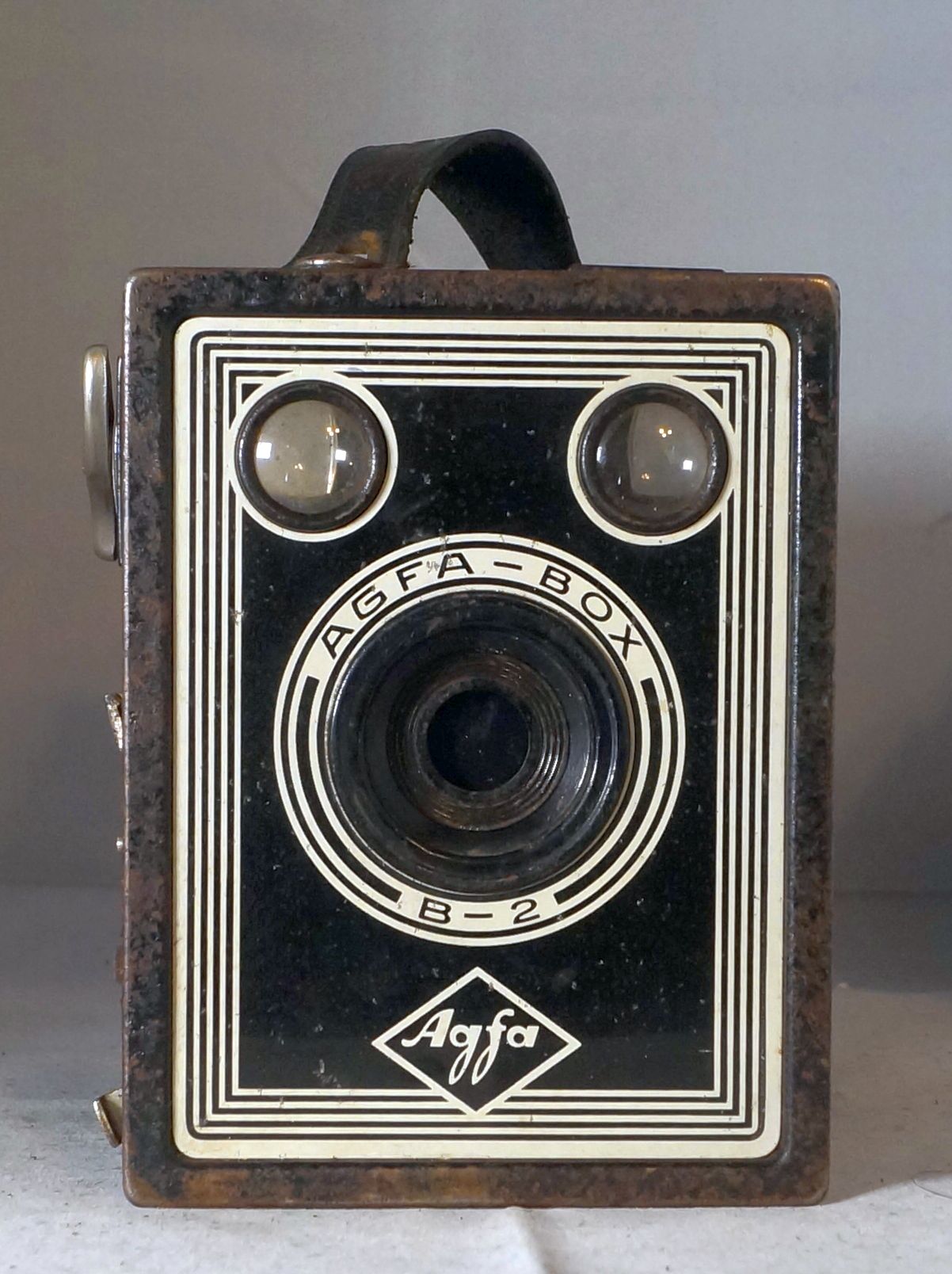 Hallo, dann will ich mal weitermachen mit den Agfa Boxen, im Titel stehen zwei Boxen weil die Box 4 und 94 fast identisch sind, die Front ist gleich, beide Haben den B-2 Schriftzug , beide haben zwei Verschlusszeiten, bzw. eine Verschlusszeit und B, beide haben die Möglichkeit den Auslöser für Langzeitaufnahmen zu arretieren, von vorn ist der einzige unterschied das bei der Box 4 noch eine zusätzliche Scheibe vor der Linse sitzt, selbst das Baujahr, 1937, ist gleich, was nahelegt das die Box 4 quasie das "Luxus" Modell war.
◆ ◆ ◆
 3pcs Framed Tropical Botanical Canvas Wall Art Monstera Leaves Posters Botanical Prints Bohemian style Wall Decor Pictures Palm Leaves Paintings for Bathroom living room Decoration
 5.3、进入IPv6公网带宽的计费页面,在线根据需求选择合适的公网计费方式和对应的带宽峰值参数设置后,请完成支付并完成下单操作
◆ ◆ ◆
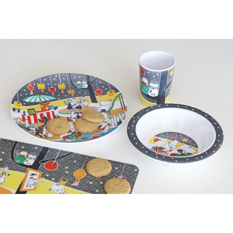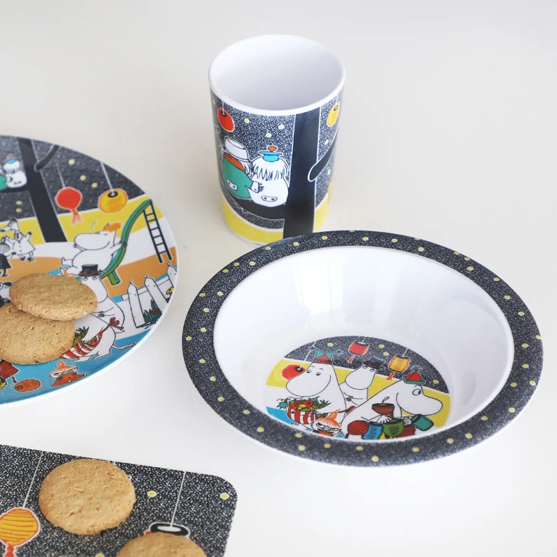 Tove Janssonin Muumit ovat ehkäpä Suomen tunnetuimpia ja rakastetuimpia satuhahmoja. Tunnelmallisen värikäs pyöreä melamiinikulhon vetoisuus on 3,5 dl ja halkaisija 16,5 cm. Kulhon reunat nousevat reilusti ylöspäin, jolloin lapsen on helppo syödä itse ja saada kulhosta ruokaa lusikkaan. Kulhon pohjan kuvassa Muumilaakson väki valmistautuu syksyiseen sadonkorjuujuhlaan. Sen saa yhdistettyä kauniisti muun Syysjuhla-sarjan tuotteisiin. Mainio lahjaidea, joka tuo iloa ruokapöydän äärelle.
◆ ◆ ◆
EXERCISE BRIEF ▸
Above are the records. Copy the lines beginning at the one that has "3pcs Framed Tropical" and ending with the one that has "5.3、进入IPv6公网带宽", unchanged.

ANSWER SPACE ▸
 3pcs Framed Tropical Botanical Canvas Wall Art Monstera Leaves Posters Botanical Prints Bohemian style Wall Decor Pictures Palm Leaves Paintings for Bathroom living room Decoration
 5.3、进入IPv6公网带宽的计费页面,在线根据需求选择合适的公网计费方式和对应的带宽峰值参数设置后,请完成支付并完成下单操作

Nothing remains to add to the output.